YOUR GOAL:
Images are to be excluded, and the rest of the data repeated exactly.

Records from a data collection
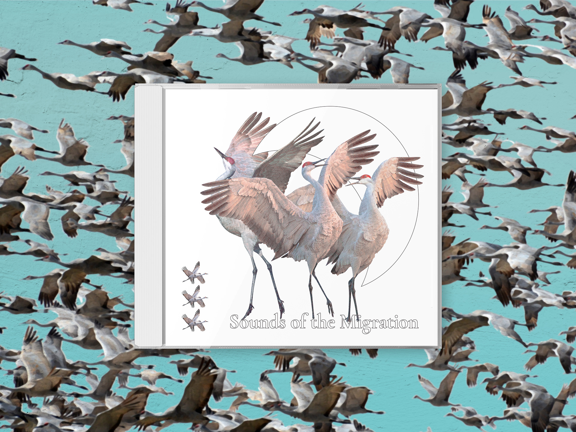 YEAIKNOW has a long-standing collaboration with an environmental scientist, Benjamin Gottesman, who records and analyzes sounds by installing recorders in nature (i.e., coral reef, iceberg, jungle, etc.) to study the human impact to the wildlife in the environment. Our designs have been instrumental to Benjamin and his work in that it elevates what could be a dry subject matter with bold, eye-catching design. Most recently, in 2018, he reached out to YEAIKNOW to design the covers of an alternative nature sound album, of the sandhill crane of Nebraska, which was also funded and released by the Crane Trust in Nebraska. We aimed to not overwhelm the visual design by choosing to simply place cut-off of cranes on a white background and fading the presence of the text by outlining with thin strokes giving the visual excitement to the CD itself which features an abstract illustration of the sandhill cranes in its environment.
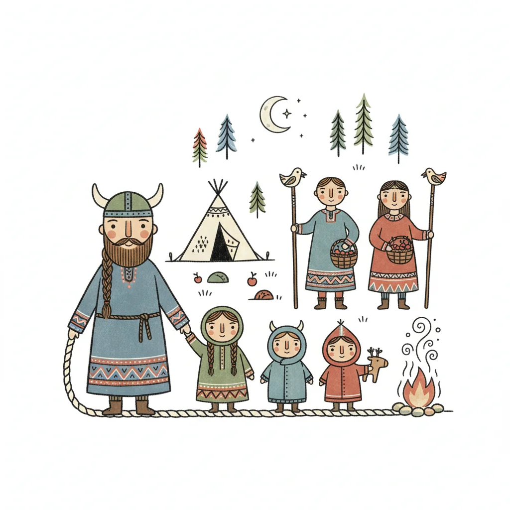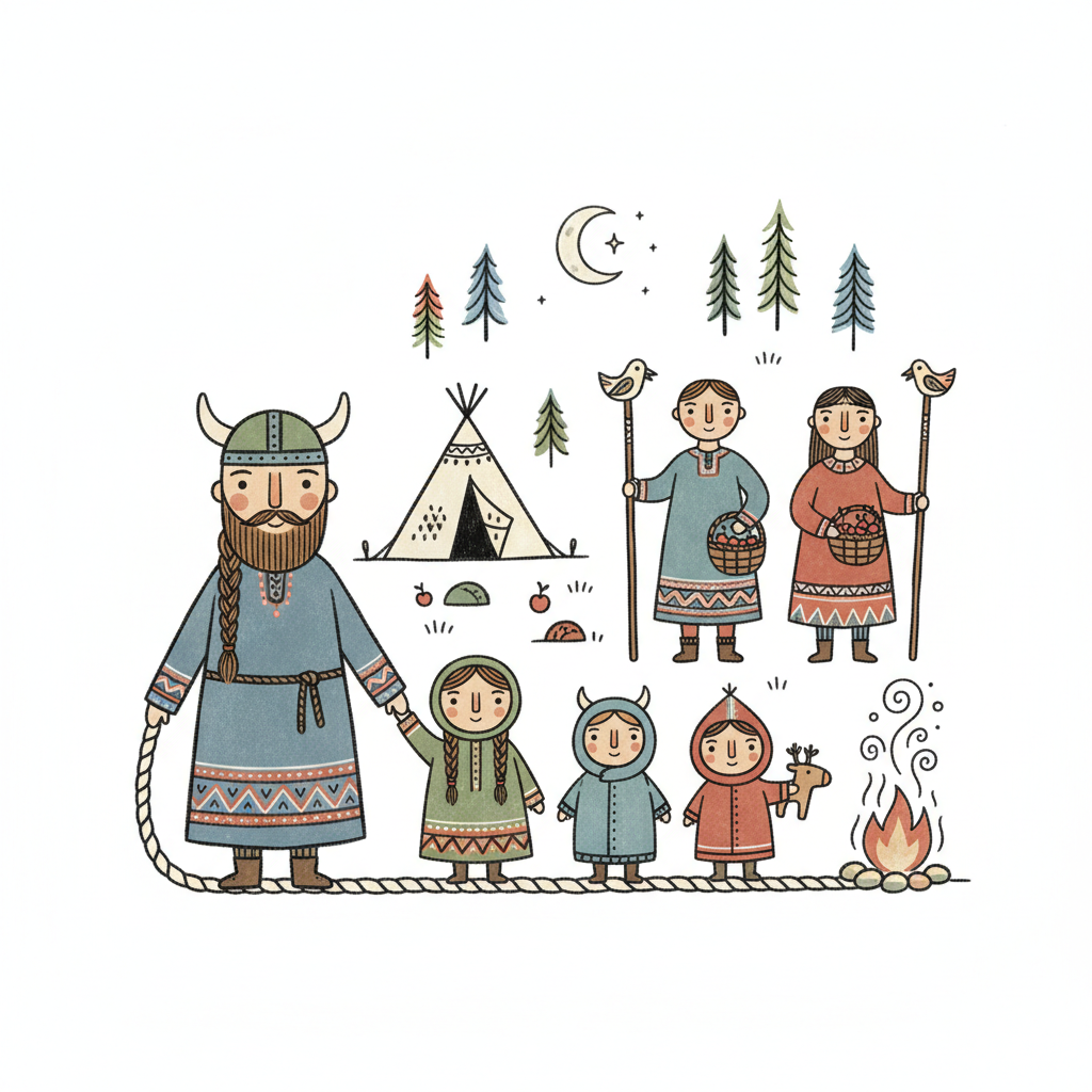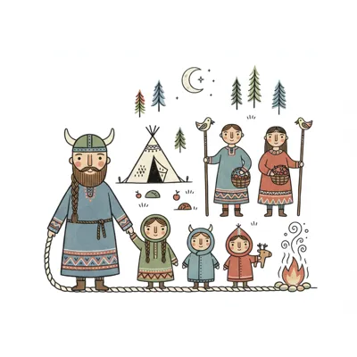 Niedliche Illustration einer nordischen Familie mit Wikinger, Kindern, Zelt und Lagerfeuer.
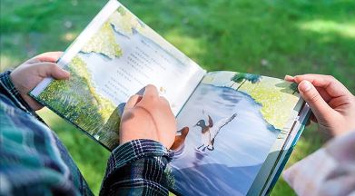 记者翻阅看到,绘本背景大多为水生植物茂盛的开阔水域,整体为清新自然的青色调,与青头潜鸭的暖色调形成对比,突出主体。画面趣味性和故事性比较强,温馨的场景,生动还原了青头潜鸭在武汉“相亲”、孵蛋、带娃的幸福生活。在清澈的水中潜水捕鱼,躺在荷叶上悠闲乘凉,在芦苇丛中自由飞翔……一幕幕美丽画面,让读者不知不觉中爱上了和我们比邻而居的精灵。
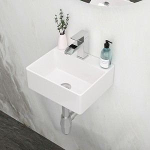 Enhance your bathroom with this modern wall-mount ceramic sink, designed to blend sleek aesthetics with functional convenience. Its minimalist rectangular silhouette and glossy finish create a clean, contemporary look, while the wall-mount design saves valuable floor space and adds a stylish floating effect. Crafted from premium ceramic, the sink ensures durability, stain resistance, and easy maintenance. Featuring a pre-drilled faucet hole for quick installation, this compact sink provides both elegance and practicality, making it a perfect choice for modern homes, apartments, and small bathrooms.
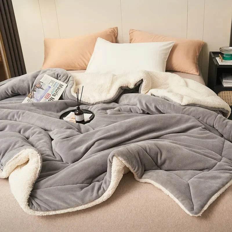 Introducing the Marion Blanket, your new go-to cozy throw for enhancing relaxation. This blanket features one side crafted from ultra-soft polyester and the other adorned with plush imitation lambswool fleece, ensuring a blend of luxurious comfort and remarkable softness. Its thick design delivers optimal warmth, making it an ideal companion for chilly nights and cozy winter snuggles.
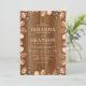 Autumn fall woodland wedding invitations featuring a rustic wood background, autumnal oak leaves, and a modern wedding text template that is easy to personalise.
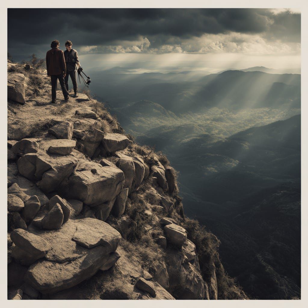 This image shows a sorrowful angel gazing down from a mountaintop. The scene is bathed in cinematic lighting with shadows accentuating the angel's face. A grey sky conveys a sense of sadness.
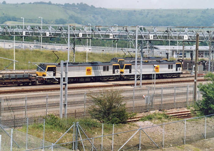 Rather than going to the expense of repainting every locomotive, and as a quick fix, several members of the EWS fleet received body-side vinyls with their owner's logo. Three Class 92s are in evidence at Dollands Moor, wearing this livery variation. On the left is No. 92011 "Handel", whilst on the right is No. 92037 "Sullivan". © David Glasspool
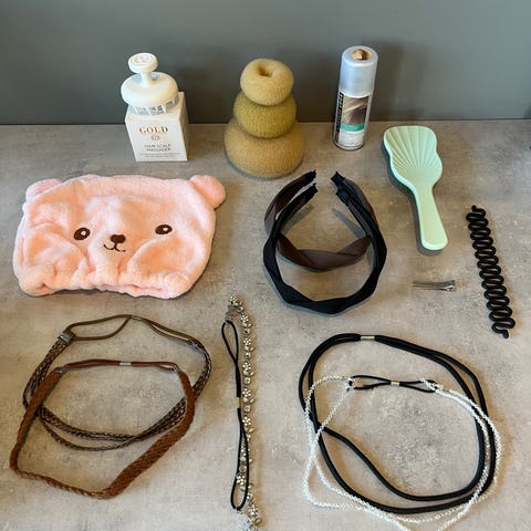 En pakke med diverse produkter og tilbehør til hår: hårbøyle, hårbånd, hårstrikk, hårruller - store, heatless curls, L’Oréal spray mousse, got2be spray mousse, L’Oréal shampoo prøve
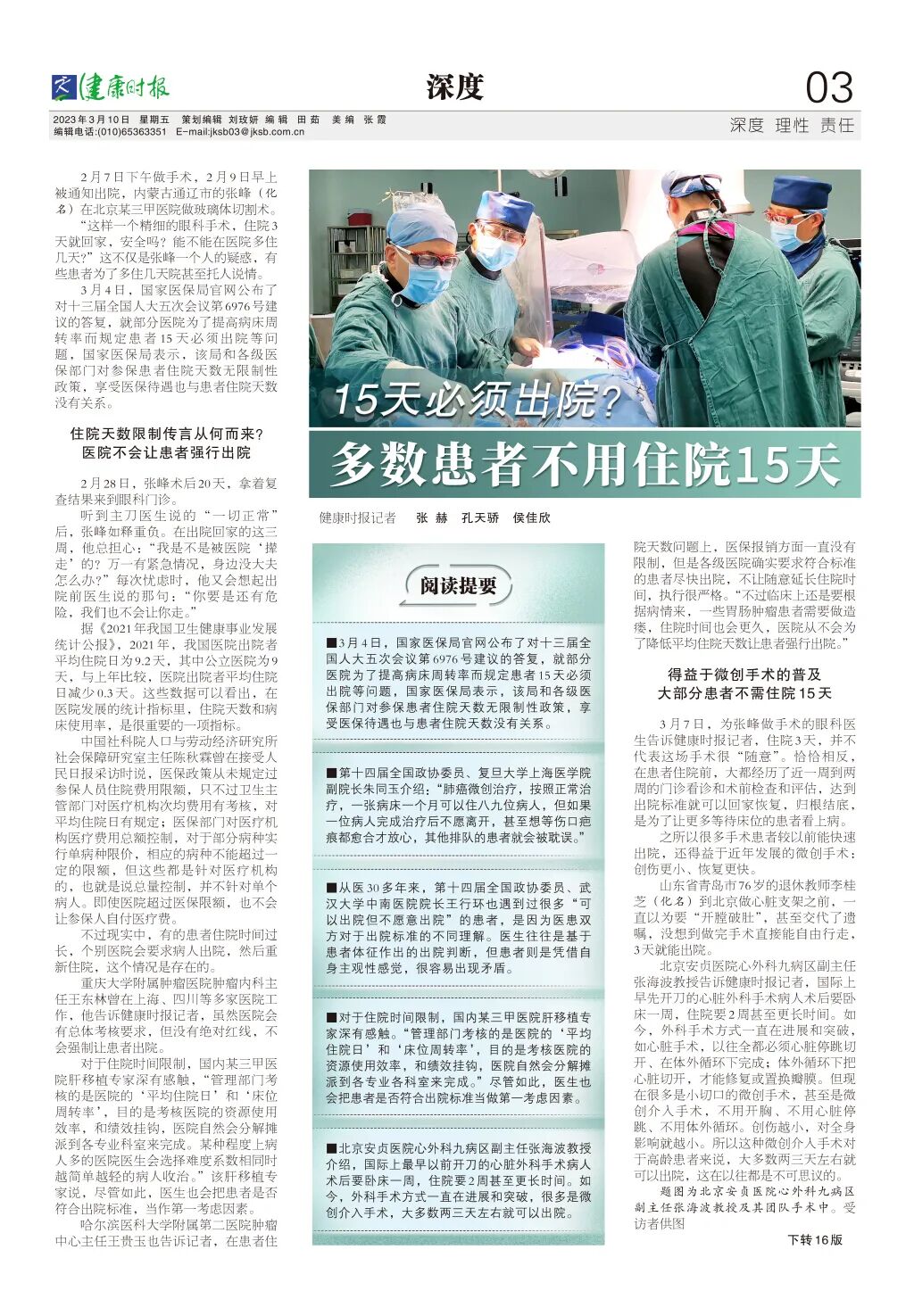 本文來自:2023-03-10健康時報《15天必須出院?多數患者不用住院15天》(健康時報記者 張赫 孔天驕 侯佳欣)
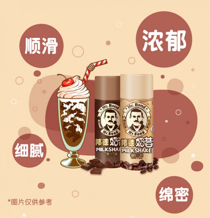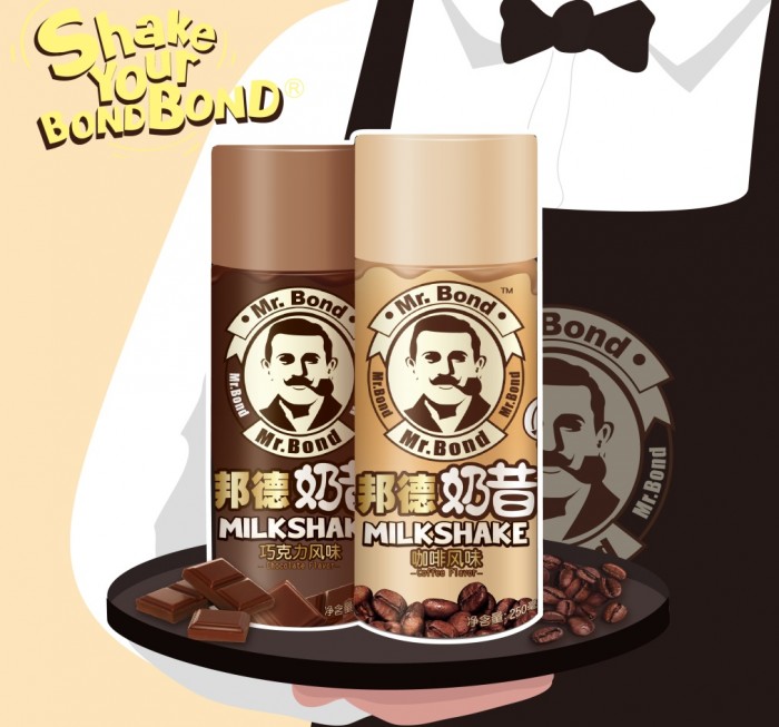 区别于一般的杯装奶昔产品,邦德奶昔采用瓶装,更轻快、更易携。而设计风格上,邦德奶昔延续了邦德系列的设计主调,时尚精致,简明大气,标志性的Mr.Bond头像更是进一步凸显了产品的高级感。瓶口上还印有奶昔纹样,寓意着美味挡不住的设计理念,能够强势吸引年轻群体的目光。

RESPONSE FOR THIS EXERCISE:
 YEAIKNOW has a long-standing collaboration with an environmental scientist, Benjamin Gottesman, who records and analyzes sounds by installing recorders in nature (i.e., coral reef, iceberg, jungle, etc.) to study the human impact to the wildlife in the environment. Our designs have been instrumental to Benjamin and his work in that it elevates what could be a dry subject matter with bold, eye-catching design. Most recently, in 2018, he reached out to YEAIKNOW to design the covers of an alternative nature sound album, of the sandhill crane of Nebraska, which was also funded and released by the Crane Trust in Nebraska. We aimed to not overwhelm the visual design by choosing to simply place cut-off of cranes on a white background and fading the presence of the text by outlining with thin strokes giving the visual excitement to the CD itself which features an abstract illustration of the sandhill cranes in its environment.
 Niedliche Illustration einer nordischen Familie mit Wikinger, Kindern, Zelt und Lagerfeuer.
 记者翻阅看到,绘本背景大多为水生植物茂盛的开阔水域,整体为清新自然的青色调,与青头潜鸭的暖色调形成对比,突出主体。画面趣味性和故事性比较强,温馨的场景,生动还原了青头潜鸭在武汉“相亲”、孵蛋、带娃的幸福生活。在清澈的水中潜水捕鱼,躺在荷叶上悠闲乘凉,在芦苇丛中自由飞翔……一幕幕美丽画面,让读者不知不觉中爱上了和我们比邻而居的精灵。
 Enhance your bathroom with this modern wall-mount ceramic sink, designed to blend sleek aesthetics with functional convenience. Its minimalist rectangular silhouette and glossy finish create a clean, contemporary look, while the wall-mount design saves valuable floor space and adds a stylish floating effect. Crafted from premium ceramic, the sink ensures durability, stain resistance, and easy maintenance. Featuring a pre-drilled faucet hole for quick installation, this compact sink provides both elegance and practicality, making it a perfect choice for modern homes, apartments, and small bathrooms.
 Introducing the Marion Blanket, your new go-to cozy throw for enhancing relaxation. This blanket features one side crafted from ultra-soft polyester and the other adorned with plush imitation lambswool fleece, ensuring a blend of luxurious comfort and remarkable softness. Its thick design delivers optimal warmth, making it an ideal companion for chilly nights and cozy winter snuggles.
 Autumn fall woodland wedding invitations featuring a rustic wood background, autumnal oak leaves, and a modern wedding text template that is easy to personalise.
 This image shows a sorrowful angel gazing down from a mountaintop. The scene is bathed in cinematic lighting with shadows accentuating the angel's face. A grey sky conveys a sense of sadness.
 Rather than going to the expense of repainting every locomotive, and as a quick fix, several members of the EWS fleet received body-side vinyls with their owner's logo. Three Class 92s are in evidence at Dollands Moor, wearing this livery variation. On the left is No. 92011 "Handel", whilst on the right is No. 92037 "Sullivan". © David Glasspool
 En pakke med diverse produkter og tilbehør til hår: hårbøyle, hårbånd, hårstrikk, hårruller - store, heatless curls, L’Oréal spray mousse, got2be spray mousse, L’Oréal shampoo prøve
 本文來自:2023-03-10健康時報《15天必須出院?多數患者不用住院15天》(健康時報記者 張赫 孔天驕 侯佳欣)
 区别于一般的杯装奶昔产品,邦德奶昔采用瓶装,更轻快、更易携。而设计风格上,邦德奶昔延续了邦德系列的设计主调,时尚精致,简明大气,标志性的Mr.Bond头像更是进一步凸显了产品的高级感。瓶口上还印有奶昔纹样,寓意着美味挡不住的设计理念,能够强势吸引年轻群体的目光。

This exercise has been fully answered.